可約的 · 優化器 · 控制器 · MoDELS · 離散化 ·

2021 年 10 月 31 日

Reduced Order Model Predictive Control for Parametrized Parabolic Partial Differential Equations

Saskia Dietze,Martin A. Grepl

Model Predictive Control (MPC) is a well-established approach to solve infinite horizon optimal control problems. Since optimization over an infinite time horizon is generally infeasible, MPC determines a suboptimal feedback control by repeatedly solving finite time optimal control problems. Although MPC has been successfully used in many applications, applying MPC to large-scale systems -- arising, e.g., through discretization of partial differential equations -- requires the solution of high-dimensional optimal control problems and thus poses immense computational effort. We consider systems governed by parametrized parabolic partial differential equations and employ the reduced basis (RB) method as a low-dimensional surrogate model for the finite time optimal control problem. The reduced order optimal control serves as feedback control for the original large-scale system. We analyze the proposed RB-MPC approach by first developing a posteriori error bounds for the errors in the optimal control and associated cost functional. These bounds can be evaluated efficiently in an offline-online computational procedure and allow us to guarantee asymptotic stability of the closed-loop system using the RB-MPC approach. We also propose an adaptive strategy to choose the prediction horizon of the finite time optimal control problem. Numerical results are presented to illustrate the theoretical properties of our approach.

泛化理論 · 核回歸 · 核化 · Machine Learning · 數據生成過程 ·

2021 年 10 月 30 日

Out-of-Distribution Generalization in Kernel Regression

Abdulkadir Canatar,Blake Bordelon,Cengiz Pehlevan

In real word applications, data generating process for training a machine learning model often differs from what the model encounters in the test stage. Understanding how and whether machine learning models generalize under such distributional shifts have been a theoretical challenge. Here, we study generalization in kernel regression when the training and test distributions are different using methods from statistical physics. Using the replica method, we derive an analytical formula for the out-of-distribution generalization error applicable to any kernel and real datasets. We identify an overlap matrix that quantifies the mismatch between distributions for a given kernel as a key determinant of generalization performance under distribution shift. Using our analytical expressions we elucidate various generalization phenomena including possible improvement in generalization when there is a mismatch. We develop procedures for optimizing training and test distributions for a given data budget to find best and worst case generalizations under the shift. We present applications of our theory to real and synthetic datasets and for many kernels. We compare results of our theory applied to Neural Tangent Kernel with simulations of wide networks and show agreement. We analyze linear regression in further depth.

策略改進 · 優化器 · 樣本 · Performer · 評論員 ·

2021 年 10 月 29 日

Generalized Proximal Policy Optimization with Sample Reuse

James Queeney,Ioannis Ch. Paschalidis,Christos G. Cassandras

from arxiv, To appear in 35th Conference on Neural Information Processing Systems (NeurIPS 2021)

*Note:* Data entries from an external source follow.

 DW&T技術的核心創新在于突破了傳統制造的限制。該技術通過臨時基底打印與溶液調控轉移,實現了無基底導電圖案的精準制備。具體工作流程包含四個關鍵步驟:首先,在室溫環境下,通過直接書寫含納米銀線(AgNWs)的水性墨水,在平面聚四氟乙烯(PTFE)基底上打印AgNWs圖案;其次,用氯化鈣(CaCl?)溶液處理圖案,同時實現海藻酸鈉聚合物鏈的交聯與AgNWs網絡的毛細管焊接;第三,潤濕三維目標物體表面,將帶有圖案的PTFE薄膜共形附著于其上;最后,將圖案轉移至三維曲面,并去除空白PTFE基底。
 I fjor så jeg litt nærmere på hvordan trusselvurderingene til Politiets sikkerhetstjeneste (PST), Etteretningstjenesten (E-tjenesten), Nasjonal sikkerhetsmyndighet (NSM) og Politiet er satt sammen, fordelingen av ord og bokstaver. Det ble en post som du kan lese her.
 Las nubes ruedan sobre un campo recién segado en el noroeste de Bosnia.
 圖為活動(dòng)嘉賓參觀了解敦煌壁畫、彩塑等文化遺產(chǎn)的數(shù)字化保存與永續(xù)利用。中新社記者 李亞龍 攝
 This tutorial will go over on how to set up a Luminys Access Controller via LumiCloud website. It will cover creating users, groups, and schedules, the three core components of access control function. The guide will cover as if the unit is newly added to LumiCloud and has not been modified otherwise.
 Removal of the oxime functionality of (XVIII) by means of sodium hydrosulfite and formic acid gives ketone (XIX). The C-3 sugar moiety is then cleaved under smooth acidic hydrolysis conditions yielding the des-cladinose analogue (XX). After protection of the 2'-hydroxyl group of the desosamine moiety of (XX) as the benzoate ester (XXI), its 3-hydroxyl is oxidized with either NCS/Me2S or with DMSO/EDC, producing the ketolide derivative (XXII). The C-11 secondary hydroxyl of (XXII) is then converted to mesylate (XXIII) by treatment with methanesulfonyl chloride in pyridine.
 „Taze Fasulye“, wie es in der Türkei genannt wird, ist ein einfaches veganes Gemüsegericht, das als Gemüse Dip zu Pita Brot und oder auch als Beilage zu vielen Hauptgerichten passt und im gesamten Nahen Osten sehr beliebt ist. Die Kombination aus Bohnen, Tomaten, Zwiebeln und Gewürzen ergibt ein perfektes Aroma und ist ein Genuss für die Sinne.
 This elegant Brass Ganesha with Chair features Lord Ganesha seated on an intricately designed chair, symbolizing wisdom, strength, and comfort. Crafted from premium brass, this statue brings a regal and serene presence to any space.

In real-world decision making tasks, it is critical for data-driven reinforcement learning methods to be both stable and sample efficient. On-policy methods typically generate reliable policy improvement throughout training, while off-policy methods make more efficient use of data through sample reuse. In this work, we combine the theoretically supported stability benefits of on-policy algorithms with the sample efficiency of off-policy algorithms. We develop policy improvement guarantees that are suitable for the off-policy setting, and connect these bounds to the clipping mechanism used in Proximal Policy Optimization. This motivates an off-policy version of the popular algorithm that we call Generalized Proximal Policy Optimization with Sample Reuse. We demonstrate both theoretically and empirically that our algorithm delivers improved performance by effectively balancing the competing goals of stability and sample efficiency.

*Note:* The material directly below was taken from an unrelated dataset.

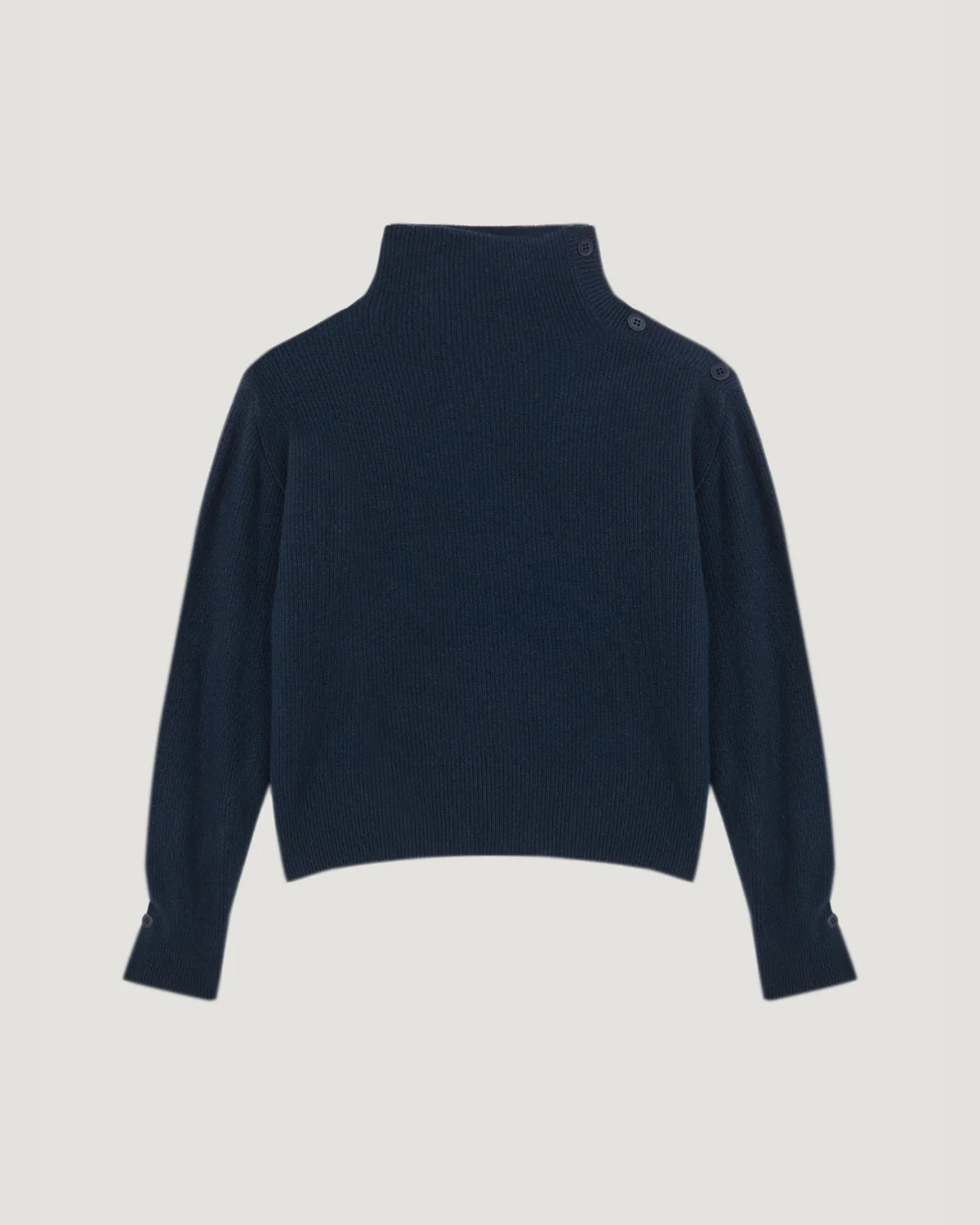 Las trayectorias de Enrica Blanc y Luciana Paluzzi están conectadas por su contribución al cine de género italiano, donde ambas representaron personajes femeninos fuertes y dejaron una marca en los géneros de terror y espionaje. Son reconocidas como iconos de belleza y como actrices de culto dentro de este ámbito cinematográfico. Jersey de cuello alto con botonadura lateral hasta el hombro. Los puños se ciñen con botón creando un pliegue sofisticado. Está confeccionado en una hilatura 100% de lana merino. Llévalo a conjunto con la falda Luciana y te harás notar allá donde vayas sin perder el confort. Hecho a mano en España.

共軛先驗 · 后驗推斷 · 共軛 · 離散化 · 蒙特卡羅 ·

2021 年 10 月 29 日

Conjugate priors for count and rounded data regression

Daniel R. Kowal

Discrete data are abundant and often arise as counts or rounded data. However, even for linear regression models, conjugate priors and closed-form posteriors are typically unavailable, thereby necessitating approximations or Markov chain Monte Carlo for posterior inference. For a broad class of count and rounded data regression models, we introduce conjugate priors that enable closed-form posterior inference. Key posterior and predictive functionals are computable analytically or via direct Monte Carlo simulation. Crucially, the predictive distributions are discrete to match the support of the data and can be evaluated or simulated jointly across multiple covariate values. These tools are broadly useful for linear regression, nonlinear models via basis expansions, and model and variable selection. Multiple simulation studies demonstrate significant advantages in computing, predictive modeling, and selection relative to existing alternatives.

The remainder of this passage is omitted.